:: Instructions for the task ::
Each line below from the "On the night" line through the "Чудесная белая рубашечка" line, those two included, must be restated word for word; the pictures must not be.

:: Input for this task ::

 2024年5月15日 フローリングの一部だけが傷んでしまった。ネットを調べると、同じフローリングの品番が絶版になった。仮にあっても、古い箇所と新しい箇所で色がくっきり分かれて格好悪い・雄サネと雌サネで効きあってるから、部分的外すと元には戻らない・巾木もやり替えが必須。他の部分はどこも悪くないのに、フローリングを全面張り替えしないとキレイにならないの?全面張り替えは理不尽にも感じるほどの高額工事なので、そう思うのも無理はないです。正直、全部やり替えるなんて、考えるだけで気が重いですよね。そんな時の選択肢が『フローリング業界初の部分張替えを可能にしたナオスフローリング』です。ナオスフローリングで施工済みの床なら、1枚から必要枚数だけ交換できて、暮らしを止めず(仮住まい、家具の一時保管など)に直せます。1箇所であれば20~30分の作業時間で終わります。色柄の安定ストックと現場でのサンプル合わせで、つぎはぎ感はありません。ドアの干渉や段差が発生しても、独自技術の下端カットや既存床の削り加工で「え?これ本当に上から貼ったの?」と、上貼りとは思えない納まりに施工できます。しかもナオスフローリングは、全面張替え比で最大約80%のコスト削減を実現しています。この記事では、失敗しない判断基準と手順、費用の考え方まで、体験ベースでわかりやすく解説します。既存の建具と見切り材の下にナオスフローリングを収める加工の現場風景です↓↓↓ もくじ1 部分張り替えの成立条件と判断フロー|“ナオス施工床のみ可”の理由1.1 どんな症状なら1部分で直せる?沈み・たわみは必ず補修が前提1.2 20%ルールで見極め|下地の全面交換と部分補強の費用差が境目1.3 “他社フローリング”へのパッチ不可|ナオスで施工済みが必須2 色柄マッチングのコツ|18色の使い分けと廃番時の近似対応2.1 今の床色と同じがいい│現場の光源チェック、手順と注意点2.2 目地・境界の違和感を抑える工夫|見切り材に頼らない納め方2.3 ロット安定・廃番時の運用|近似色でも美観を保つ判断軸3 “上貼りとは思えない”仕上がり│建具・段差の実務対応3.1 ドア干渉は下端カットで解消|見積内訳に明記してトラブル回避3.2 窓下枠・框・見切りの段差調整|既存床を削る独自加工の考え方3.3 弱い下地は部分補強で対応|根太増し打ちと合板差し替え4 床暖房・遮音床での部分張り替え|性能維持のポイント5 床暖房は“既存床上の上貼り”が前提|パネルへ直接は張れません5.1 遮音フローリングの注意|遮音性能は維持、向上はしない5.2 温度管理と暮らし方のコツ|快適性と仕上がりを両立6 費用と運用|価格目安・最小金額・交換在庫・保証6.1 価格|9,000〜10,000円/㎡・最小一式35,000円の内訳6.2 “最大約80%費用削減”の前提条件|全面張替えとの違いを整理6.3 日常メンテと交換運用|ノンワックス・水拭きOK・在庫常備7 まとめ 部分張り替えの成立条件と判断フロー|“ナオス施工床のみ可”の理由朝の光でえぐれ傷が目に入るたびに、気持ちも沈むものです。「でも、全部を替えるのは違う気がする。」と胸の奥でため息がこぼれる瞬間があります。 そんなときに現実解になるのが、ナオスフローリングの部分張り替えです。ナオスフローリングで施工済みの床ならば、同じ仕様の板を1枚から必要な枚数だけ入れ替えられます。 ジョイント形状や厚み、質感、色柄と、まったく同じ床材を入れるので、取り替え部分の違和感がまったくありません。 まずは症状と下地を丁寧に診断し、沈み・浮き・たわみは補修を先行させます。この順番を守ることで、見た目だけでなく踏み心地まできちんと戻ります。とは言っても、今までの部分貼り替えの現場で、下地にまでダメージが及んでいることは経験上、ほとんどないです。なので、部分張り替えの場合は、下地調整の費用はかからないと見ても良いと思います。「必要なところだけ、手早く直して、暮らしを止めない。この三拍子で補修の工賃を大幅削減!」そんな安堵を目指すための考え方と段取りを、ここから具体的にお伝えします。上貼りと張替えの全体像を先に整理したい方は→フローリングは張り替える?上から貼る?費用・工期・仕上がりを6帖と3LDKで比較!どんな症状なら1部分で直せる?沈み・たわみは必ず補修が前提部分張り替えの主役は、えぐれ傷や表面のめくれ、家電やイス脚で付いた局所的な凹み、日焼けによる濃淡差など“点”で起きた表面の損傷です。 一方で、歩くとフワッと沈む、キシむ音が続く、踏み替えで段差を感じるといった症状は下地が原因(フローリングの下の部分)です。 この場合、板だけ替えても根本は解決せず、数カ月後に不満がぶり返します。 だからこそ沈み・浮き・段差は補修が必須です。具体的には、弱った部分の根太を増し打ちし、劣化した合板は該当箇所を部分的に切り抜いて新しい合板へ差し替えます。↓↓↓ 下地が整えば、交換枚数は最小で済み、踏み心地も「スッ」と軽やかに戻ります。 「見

==

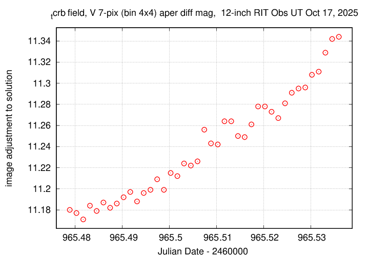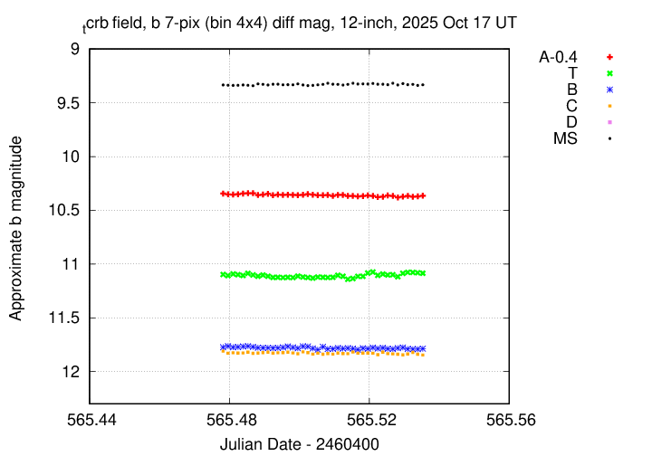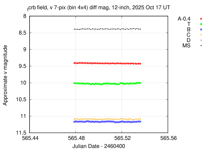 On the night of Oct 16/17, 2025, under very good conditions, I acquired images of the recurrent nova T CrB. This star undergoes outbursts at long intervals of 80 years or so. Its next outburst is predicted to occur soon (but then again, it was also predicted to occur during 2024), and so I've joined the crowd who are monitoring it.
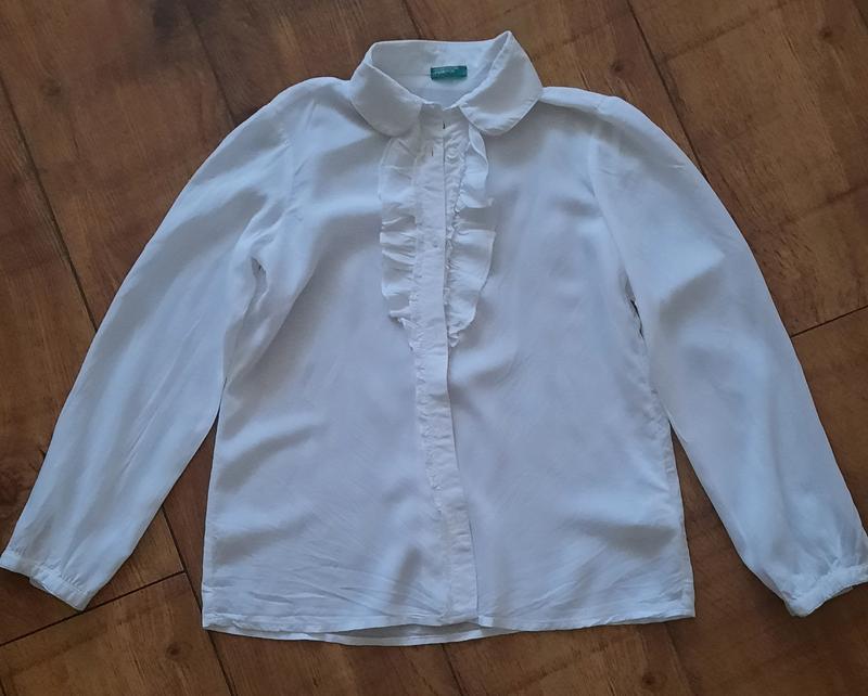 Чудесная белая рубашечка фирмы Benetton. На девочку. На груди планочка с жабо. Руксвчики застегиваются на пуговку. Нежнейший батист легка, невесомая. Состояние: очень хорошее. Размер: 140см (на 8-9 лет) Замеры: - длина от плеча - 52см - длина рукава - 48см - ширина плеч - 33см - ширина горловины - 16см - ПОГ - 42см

* * *

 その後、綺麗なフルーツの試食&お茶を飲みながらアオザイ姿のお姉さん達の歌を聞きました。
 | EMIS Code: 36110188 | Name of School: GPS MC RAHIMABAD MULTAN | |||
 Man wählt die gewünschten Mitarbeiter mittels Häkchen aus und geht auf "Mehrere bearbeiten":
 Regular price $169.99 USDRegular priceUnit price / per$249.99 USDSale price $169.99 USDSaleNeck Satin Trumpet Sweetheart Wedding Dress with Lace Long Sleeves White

:: Answer box ::
 On the night of Oct 16/17, 2025, under very good conditions, I acquired images of the recurrent nova T CrB. This star undergoes outbursts at long intervals of 80 years or so. Its next outburst is predicted to occur soon (but then again, it was also predicted to occur during 2024), and so I've joined the crowd who are monitoring it.
 Чудесная белая рубашечка фирмы Benetton. На девочку. На груди планочка с жабо. Руксвчики застегиваются на пуговку. Нежнейший батист легка, невесомая. Состояние: очень хорошее. Размер: 140см (на 8-9 лет) Замеры: - длина от плеча - 52см - длина рукава - 48см - ширина плеч - 33см - ширина горловины - 16см - ПОГ - 42см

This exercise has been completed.